BEIRUT, 23 Jul 2006 (IRIN) - Inaam Haidar and her twin children, Hadi and Hiba, aged eight, were trapped in a village south of Beirut for 10 days after the Israeli attacks on Lebanon started on 12 July.
They were spending their summer holiday at their grandmother's house in the mountains, when Israeli planes dropped bombs on the area, isolating the village.
"We were living in fear as the bombs just whistled over our house and exploded nearby," says Haidar. "The Israeli planes kept going over the town and dropping bombs, and my children kept crying all the time. My mother is an old woman and she is sick."
The whole family managed to leave the village on 21 July. "We walked for a few kilometres to where a man with a car was waiting for us," explains Haidar. "He had been sent by my husband who is working in Beirut. My mother is now staying at my brother's house, away from the bombs in the mountains outside Beirut, and I came back to my house on the verge of the southern suburbs."

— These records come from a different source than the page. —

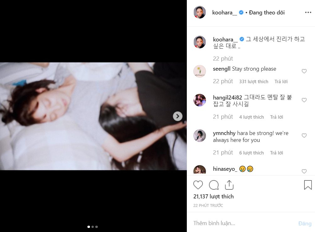 Đúng 12h đêm (KST), Goo Hara bất ngờ đăng tải ảnh chụp của cả hai lên mạng xã hội Instagram kèm theo chú thích: “Ở thế giới bên kia, Jin Ri (tên thật của Sulli), sẽ làm những điều mình muốn”. Trong bức ảnh công khai, họ có những buổi gặp gỡ và ngủ cùng nhau.
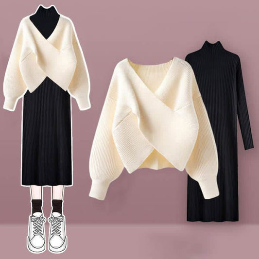 Set aus Unterkleid mit Kreuzstrickpullover und unregelmäßiger Schnürung
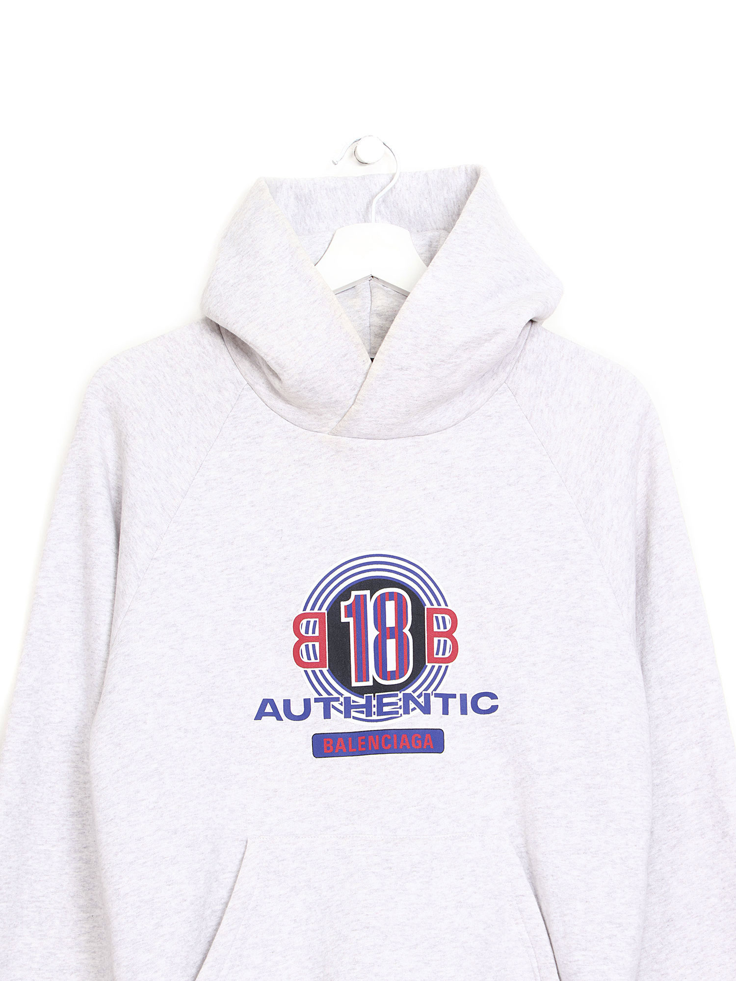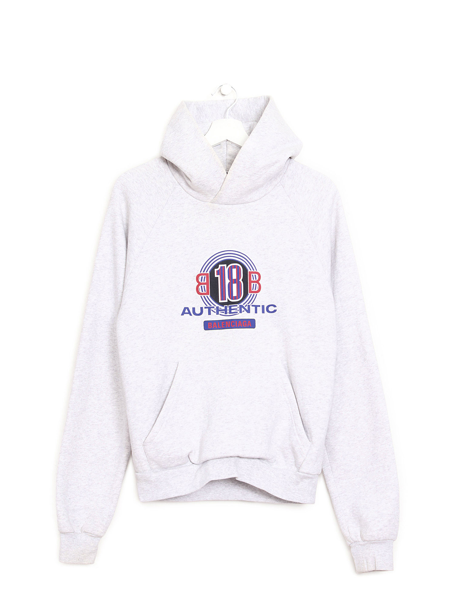 Hoodie gris à imprimé graphique. Manches longues et coupe ample. Poignets et ourlet côtelés.
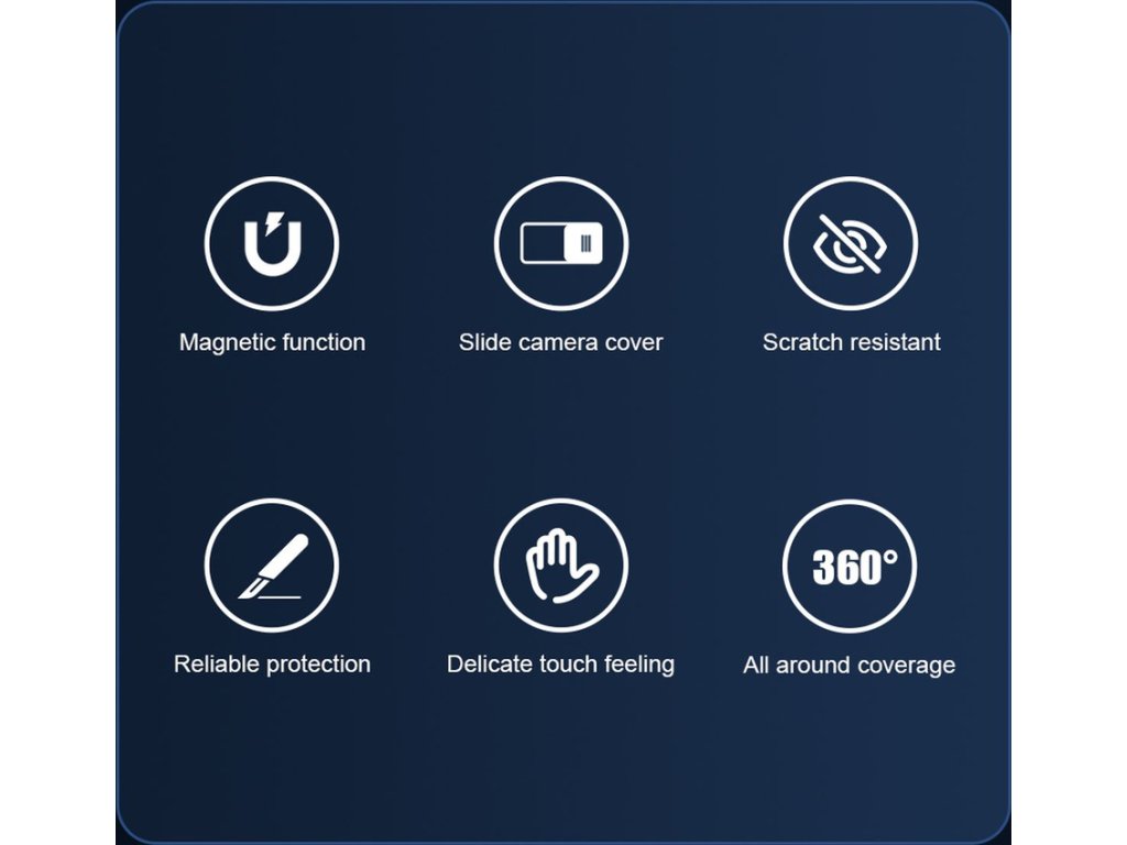 Tenké a elegantné puzdro na telefón, ktoré chráni zariadenie pred poškodením a navyše má posuvný kryt pre zadný fotoaparát. Vďaka krytu je sklo fotoaparátu chránené pred poškriabaním. Ďalšou výhodou je aj pre ľudí, ktorí si cenia súkromie a bezpečnosť svojich údajov. Zakrytá kamera zabraňuje prístupu k nahrávaniu videa, ak niekto získa vzdialený prístup k telefónu a zapne záber z hlavného fotoaparátu.
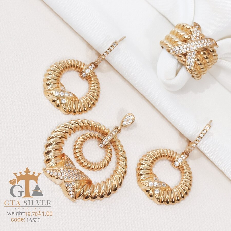 نیم ست نقره مدل میکرو همراه با روکش آبطلای سفید؛ عیار 925، تمامی نگین های این نیم ست جدید، ظریف با روش جدید میکروستینگ مخراج کاری شده
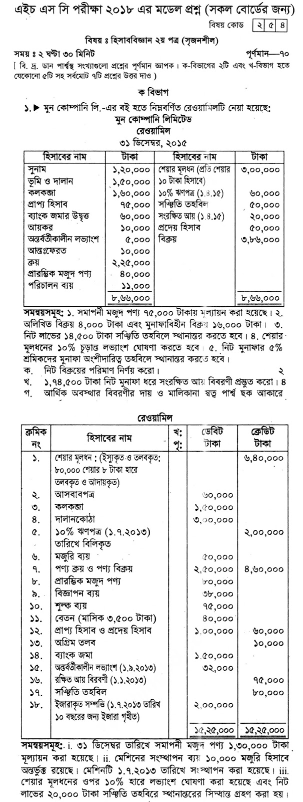 HSC Accounting 2nd Paper Model Question for all boards for the hsc students. You are welcome to download the question paper as pdf by using any pdf tools. You can also use any firefox addons or chrome extensions. You can also press ctrl+p to print the document quickly. If you install the Foxit PDF printer in your computer, you can easily download the images as pdf. If you like to see the images as zoom, just click on the images and see to big font. I hope you will be satisfied to take a good preparation for the coming hsc examination. We will keep collecting suggestions for you and post here for your download. Now let's download the HSC Accounting 2nd Paper Model Question for All Boards.

Haidar said the journey to Beirut was hellish. Some of the roads through the mountains had been damaged in air strikes, and they had to travel along dangerous tracks to avoid being bombed.
"I didn't cry... I was brave for mama," says Hadi, Haidar's son.
"I still cannot sleep at night, as I can hear the Israeli bombs exploding in the nearby southern suburbs, and it makes me afraid that the bombs might hit us here in our house," Haider says. "Wherever we go, the Israeli bombs follow us."
The UN's Childrens Fund, UNICEF, says around half the estimated 600,000 people displaced in Lebanon to date, are children and women.
"Out of those killed or injured, we were told that one third were children," says Soha Boustani, UNICEF Spokesperson in Beirut.
Boustani says the less critical but lasting psychological impact of this conflict on children is not being addressed either.
Asked if he sleeps at night, eight year-old Hadi replies: "A little. I panic and wake up because of the bombs coming down and exploding like this," he says, making the sound of an explosion and waving his hands in the air.
The Israeli air strikes have already taken their toll on Hadi's twin sister, Hiba. "I can still hear explosions here," she says, pointing to her head. "I have nightmares."
Haidar says both her children sob and cry out in their sleep. "When they do manage to sleep, they are afraid to keep their eyes closed because they think the planes will come back," she says.
"Trauma is UNICEF's main concern because it is not visible to the eye but it has a long term effect," UNICEF's Boustani says.